Your instructions: Using the entries below, copy exactly each line from the line with "2️⃣紫甘蓝➕雪梨➕凤梨➕野生蓝莓粉➕椰子水" up to and including the line with "Учитывая, что на", with every picture left out.

Task inputs:
===
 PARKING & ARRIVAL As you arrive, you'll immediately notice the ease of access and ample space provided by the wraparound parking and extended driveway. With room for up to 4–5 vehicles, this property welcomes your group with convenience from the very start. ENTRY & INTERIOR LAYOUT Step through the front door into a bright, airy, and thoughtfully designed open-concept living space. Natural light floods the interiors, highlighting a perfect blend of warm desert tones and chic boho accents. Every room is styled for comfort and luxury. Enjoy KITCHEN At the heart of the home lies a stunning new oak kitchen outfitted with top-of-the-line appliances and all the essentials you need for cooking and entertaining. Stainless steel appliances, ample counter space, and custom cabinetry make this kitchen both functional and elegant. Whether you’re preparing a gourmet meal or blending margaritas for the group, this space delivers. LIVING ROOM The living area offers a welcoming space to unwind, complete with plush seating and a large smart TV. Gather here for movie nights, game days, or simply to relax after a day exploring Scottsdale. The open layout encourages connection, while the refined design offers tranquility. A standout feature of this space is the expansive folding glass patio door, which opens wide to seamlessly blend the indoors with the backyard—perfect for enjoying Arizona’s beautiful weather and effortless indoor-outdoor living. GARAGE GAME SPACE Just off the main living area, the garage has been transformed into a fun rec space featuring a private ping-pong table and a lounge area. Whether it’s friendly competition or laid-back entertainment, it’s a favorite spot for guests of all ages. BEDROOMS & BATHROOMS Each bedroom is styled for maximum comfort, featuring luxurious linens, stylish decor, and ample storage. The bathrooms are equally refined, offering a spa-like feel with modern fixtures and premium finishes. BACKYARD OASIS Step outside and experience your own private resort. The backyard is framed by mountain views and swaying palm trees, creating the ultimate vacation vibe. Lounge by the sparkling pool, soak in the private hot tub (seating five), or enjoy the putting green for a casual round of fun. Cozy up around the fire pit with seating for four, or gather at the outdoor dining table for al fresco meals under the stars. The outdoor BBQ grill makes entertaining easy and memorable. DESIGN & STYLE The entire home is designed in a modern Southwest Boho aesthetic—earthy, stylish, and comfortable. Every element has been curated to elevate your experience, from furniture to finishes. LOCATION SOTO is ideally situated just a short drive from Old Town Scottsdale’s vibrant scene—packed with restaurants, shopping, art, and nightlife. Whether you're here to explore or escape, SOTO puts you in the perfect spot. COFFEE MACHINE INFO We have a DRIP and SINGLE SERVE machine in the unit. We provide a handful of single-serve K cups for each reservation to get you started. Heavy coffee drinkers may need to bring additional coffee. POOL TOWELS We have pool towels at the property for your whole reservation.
===
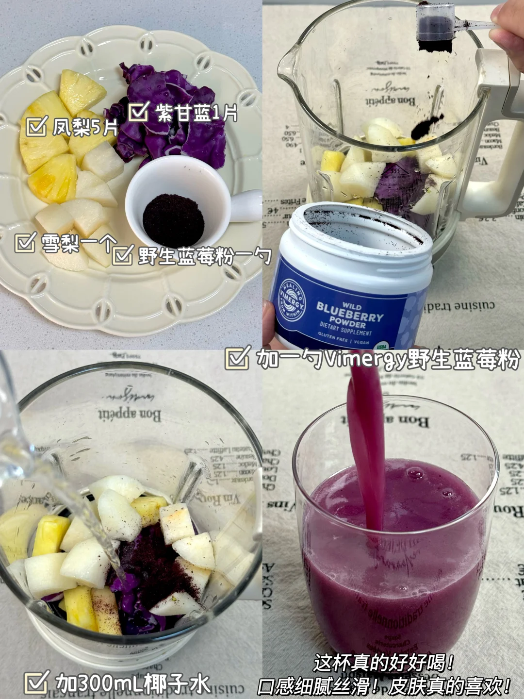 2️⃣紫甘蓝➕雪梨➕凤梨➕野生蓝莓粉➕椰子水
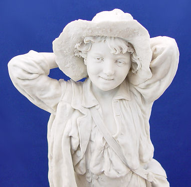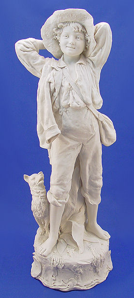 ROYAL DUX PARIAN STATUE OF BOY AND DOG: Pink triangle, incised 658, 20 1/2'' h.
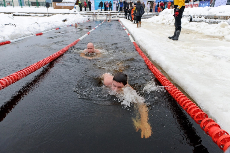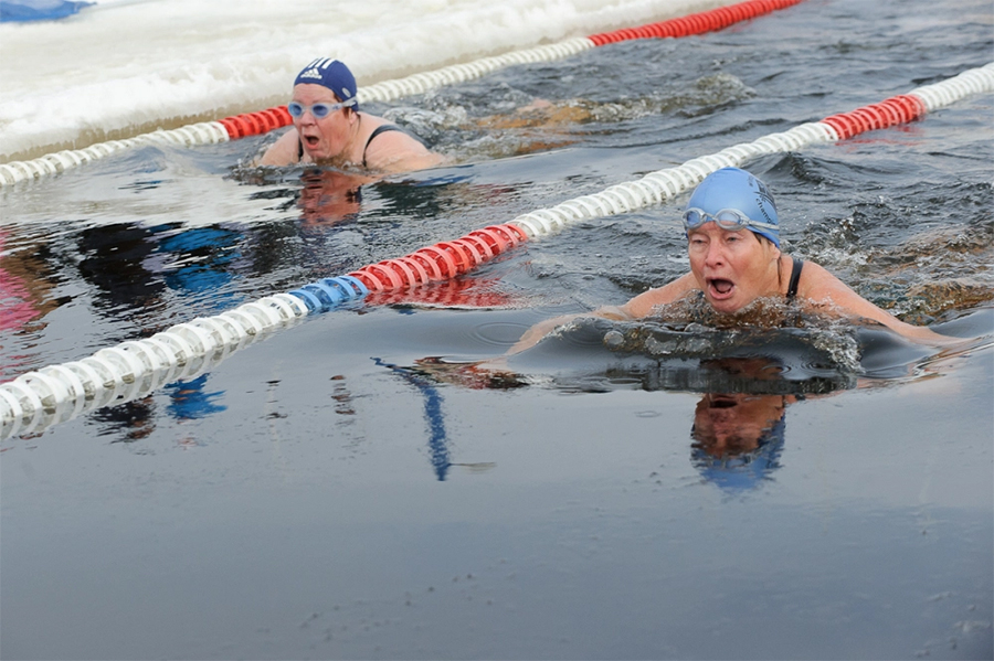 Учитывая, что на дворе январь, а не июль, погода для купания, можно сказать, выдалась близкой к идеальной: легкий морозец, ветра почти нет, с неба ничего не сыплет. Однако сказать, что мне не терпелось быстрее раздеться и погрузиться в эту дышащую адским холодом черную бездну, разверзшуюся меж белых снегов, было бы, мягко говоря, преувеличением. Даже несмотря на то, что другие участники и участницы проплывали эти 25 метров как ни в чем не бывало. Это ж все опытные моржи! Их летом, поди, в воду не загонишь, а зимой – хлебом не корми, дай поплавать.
===
Written reply:
 2️⃣紫甘蓝➕雪梨➕凤梨➕野生蓝莓粉➕椰子水
 ROYAL DUX PARIAN STATUE OF BOY AND DOG: Pink triangle, incised 658, 20 1/2'' h.
 Учитывая, что на дворе январь, а не июль, погода для купания, можно сказать, выдалась близкой к идеальной: легкий морозец, ветра почти нет, с неба ничего не сыплет. Однако сказать, что мне не терпелось быстрее раздеться и погрузиться в эту дышащую адским холодом черную бездну, разверзшуюся меж белых снегов, было бы, мягко говоря, преувеличением. Даже несмотря на то, что другие участники и участницы проплывали эти 25 метров как ни в чем не бывало. Это ж все опытные моржи! Их летом, поди, в воду не загонишь, а зимой – хлебом не корми, дай поплавать.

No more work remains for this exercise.